Opinion articles provide independent perspectives on key community issues, separate from our newsroom reporting.

Op-Ed

‘Financial assault’ on the horizon: Ky utilities want to raise rates in a pandemic

Janie Wills
Janie Wills

As if the last 12 months of a COVID pandemic have not presented enough challenges for Kentuckians trying to make ends meet, now there is another financial assault on the horizon. Kentucky Utilities (KU) and Louisville Gas and Electric (LG&E) have applied to the Kentucky Public Service Commission (PSC) for rate increases.

Consider how the proposed rate increases would affect KU residential customers. The basic daily service charge would increase 15 percent and the energy use charge would increase 11 percent. Disconnect fees would increase and solar households would see the value of their net-metering credit slashed. This would come on top of increases in the basic charge of 14 percent and the energy rate of 2 percent in June 2017. KU also increased the basic charge by 32 percent and the energy rate by 0.4 percent in April 2019.

How much can low-income and fixed income Kentuckians bear? Of the 77 counties served by KU, five are among the fifty counties in the country with the lowest median household income. The utility is bold, indeed, to ask for a third rate increase in four years — this last request in the midst of pandemic-related unemployment and underemployment.

The rate increases are unfair in several ways. Customers who now conserve energy use in order to decrease expenses or out of concern for their environmental impact would still have higher utility bills, so there would be less incentive to practice conservation and to use energy-efficient practices and appliances. Shouldn’t a utility company be concerned with encouraging good energy stewardship?

Since 2017, the basic meter charge has increased 50 percent, compared to an energy charge increase of 1 percent.
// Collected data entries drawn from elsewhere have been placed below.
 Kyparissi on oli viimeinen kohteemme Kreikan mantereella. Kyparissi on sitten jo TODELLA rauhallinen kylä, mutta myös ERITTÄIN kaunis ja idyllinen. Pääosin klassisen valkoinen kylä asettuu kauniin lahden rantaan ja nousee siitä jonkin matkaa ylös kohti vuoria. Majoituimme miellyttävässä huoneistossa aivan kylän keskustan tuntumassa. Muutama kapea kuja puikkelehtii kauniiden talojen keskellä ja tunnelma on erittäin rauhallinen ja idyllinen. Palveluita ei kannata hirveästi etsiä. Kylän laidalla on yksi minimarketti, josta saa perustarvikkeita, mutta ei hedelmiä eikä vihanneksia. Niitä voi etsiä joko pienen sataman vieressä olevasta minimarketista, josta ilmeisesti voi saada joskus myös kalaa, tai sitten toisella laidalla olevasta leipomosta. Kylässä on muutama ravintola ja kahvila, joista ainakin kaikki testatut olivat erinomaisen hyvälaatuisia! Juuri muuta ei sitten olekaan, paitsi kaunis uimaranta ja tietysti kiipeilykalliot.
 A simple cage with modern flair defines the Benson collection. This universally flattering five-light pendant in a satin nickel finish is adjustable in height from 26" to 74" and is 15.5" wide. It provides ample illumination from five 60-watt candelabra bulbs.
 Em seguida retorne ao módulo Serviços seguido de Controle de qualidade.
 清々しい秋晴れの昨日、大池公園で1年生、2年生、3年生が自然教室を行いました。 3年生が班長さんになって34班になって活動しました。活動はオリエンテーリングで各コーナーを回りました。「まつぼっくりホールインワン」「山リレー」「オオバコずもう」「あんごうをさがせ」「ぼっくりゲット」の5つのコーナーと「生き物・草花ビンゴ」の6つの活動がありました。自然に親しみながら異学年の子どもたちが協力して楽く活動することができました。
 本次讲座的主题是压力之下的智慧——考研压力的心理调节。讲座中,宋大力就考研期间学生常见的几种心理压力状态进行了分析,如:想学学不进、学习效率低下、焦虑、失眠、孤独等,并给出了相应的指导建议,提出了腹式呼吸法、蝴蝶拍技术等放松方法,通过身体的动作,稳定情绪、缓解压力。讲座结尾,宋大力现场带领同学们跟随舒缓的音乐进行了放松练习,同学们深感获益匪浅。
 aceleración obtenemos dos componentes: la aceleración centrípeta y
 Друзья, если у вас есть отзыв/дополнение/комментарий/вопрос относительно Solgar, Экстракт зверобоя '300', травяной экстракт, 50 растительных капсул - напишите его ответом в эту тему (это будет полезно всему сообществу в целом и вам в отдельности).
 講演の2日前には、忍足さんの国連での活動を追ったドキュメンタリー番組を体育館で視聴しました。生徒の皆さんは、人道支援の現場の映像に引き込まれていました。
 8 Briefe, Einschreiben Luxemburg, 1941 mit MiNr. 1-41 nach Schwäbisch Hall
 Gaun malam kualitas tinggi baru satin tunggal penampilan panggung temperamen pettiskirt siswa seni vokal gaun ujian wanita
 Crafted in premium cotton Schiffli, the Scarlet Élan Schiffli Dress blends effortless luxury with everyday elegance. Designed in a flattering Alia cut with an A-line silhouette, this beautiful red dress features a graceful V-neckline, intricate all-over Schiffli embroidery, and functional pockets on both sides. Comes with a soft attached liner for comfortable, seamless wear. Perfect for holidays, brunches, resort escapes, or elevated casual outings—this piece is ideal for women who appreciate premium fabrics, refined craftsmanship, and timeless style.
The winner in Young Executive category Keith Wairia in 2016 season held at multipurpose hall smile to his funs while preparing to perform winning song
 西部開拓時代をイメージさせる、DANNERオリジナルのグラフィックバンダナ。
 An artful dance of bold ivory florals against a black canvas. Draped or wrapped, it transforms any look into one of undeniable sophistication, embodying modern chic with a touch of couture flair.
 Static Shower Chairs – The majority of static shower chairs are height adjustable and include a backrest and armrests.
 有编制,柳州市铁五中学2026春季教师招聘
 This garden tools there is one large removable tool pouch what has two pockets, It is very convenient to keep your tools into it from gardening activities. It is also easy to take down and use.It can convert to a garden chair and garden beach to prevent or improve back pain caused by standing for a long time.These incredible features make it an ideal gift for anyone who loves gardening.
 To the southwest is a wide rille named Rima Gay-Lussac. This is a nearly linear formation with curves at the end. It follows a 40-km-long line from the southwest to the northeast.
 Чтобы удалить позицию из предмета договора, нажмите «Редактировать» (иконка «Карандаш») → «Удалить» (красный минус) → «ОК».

Increasing the per-meter charge disproportionately impacts persons living in apartments or small houses because they generally use less electricity, compared to those living in larger houses.

And neighborhoods with a high density of smaller homes tend to be lower-income and racially segregated. Since the housing is denser, it follows that the density of utility meters is much greater than in higher income, whiter neighborhoods of big houses. In effect, the low use customers are subsidizing the utility’s cost of providing electricity to high use customers. It’s not merely economic inequity, but also racial inequity.

A third unfair aspect is KU’s random plan to cut — by almost 80 percent — the rate used to credit solar customers for energy they provide to the grid. No reasoning is given for the low rate, and the benefits of cheap energy supplied by solar customers during summer peak use times is unacknowledged. The decreased rate would make it very difficult to recover the cost of a solar array during its limited useful lifespan.

As Kentucky is 49th in the US in solar power utilization, the possibilities for independent rooftop solar are unfathomable. The economic potential is great — both with regard to good-paying jobs and electricity sales. This is a selfish move by KU to limit competition by suppressing the minute, negative monetary effect of net-metering, squelching the dreams of potential solar customers, and killing small, local solar companies. Should KU and its investors be allowed to dictate the rules so they control access to and are the sole beneficiaries of low-cost, renewable solar energy?

Finally, many Kentuckians are facing disconnections and evictions because of economic hardship caused by the pandemic. Wouldn’t a 32 percent increase of the utility disconnection fee unnecessarily inflict more pain?

To be fair and reasonable, any rate increase should encourage energy efficiency and conservation by maintaining a low basic per-meter charge and only increasing the charge for energy units consumed. Good rate design should not unfairly impact low-income customers or persons of color. Furthermore, the utility monopoly should not be permitted to smother residential solar energy use or unfairly stifle independent solar businesses. The rate increases must be denied.

Janie Wills is a retired pharmacist and lifelong learner.